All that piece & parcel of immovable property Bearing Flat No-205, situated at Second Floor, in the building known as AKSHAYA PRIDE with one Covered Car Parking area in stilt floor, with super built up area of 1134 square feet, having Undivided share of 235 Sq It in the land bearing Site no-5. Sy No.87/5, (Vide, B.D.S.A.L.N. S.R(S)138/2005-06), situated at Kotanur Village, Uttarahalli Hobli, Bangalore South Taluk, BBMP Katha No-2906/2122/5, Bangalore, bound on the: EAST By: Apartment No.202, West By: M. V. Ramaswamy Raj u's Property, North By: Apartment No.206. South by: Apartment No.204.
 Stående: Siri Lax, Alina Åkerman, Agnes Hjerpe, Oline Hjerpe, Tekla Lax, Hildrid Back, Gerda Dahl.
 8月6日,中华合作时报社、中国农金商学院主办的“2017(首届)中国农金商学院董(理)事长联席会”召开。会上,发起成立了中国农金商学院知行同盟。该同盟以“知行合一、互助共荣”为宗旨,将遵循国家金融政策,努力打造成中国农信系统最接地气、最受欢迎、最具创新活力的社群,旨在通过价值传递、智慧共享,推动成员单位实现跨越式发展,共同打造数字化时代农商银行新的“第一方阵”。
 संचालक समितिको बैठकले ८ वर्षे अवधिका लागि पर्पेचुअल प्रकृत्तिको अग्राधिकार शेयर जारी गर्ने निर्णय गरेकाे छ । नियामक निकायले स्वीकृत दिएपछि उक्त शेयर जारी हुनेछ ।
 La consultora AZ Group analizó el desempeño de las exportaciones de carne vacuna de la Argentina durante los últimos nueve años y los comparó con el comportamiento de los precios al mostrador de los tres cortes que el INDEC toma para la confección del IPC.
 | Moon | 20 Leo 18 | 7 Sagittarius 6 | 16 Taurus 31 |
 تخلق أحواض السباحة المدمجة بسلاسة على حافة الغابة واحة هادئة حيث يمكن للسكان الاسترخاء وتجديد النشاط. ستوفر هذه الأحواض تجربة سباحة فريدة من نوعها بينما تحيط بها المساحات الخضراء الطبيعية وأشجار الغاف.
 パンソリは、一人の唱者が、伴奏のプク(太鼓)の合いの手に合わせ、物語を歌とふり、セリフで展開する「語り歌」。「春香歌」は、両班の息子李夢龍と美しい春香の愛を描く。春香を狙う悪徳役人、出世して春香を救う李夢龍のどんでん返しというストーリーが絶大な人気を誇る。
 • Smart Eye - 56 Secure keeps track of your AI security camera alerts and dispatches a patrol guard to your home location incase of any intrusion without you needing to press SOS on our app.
● ● ● ●
Return all data verbatim.

Output of the task =>
All that piece & parcel of immovable property Bearing Flat No-205, situated at Second Floor, in the building known as AKSHAYA PRIDE with one Covered Car Parking area in stilt floor, with super built up area of 1134 square feet, having Undivided share of 235 Sq It in the land bearing Site no-5. Sy No.87/5, (Vide, B.D.S.A.L.N. S.R(S)138/2005-06), situated at Kotanur Village, Uttarahalli Hobli, Bangalore South Taluk, BBMP Katha No-2906/2122/5, Bangalore, bound on the: EAST By: Apartment No.202, West By: M. V. Ramaswamy Raj u's Property, North By: Apartment No.206. South by: Apartment No.204.
 Stående: Siri Lax, Alina Åkerman, Agnes Hjerpe, Oline Hjerpe, Tekla Lax, Hildrid Back, Gerda Dahl.
 8月6日,中华合作时报社、中国农金商学院主办的“2017(首届)中国农金商学院董(理)事长联席会”召开。会上,发起成立了中国农金商学院知行同盟。该同盟以“知行合一、互助共荣”为宗旨,将遵循国家金融政策,努力打造成中国农信系统最接地气、最受欢迎、最具创新活力的社群,旨在通过价值传递、智慧共享,推动成员单位实现跨越式发展,共同打造数字化时代农商银行新的“第一方阵”。
 संचालक समितिको बैठकले ८ वर्षे अवधिका लागि पर्पेचुअल प्रकृत्तिको अग्राधिकार शेयर जारी गर्ने निर्णय गरेकाे छ । नियामक निकायले स्वीकृत दिएपछि उक्त शेयर जारी हुनेछ ।
 La consultora AZ Group analizó el desempeño de las exportaciones de carne vacuna de la Argentina durante los últimos nueve años y los comparó con el comportamiento de los precios al mostrador de los tres cortes que el INDEC toma para la confección del IPC.
 | Moon | 20 Leo 18 | 7 Sagittarius 6 | 16 Taurus 31 |
 تخلق أحواض السباحة المدمجة بسلاسة على حافة الغابة واحة هادئة حيث يمكن للسكان الاسترخاء وتجديد النشاط. ستوفر هذه الأحواض تجربة سباحة فريدة من نوعها بينما تحيط بها المساحات الخضراء الطبيعية وأشجار الغاف.
 パンソリは、一人の唱者が、伴奏のプク(太鼓)の合いの手に合わせ、物語を歌とふり、セリフで展開する「語り歌」。「春香歌」は、両班の息子李夢龍と美しい春香の愛を描く。春香を狙う悪徳役人、出世して春香を救う李夢龍のどんでん返しというストーリーが絶大な人気を誇る。
 • Smart Eye - 56 Secure keeps track of your AI security camera alerts and dispatches a patrol guard to your home location incase of any intrusion without you needing to press SOS on our app.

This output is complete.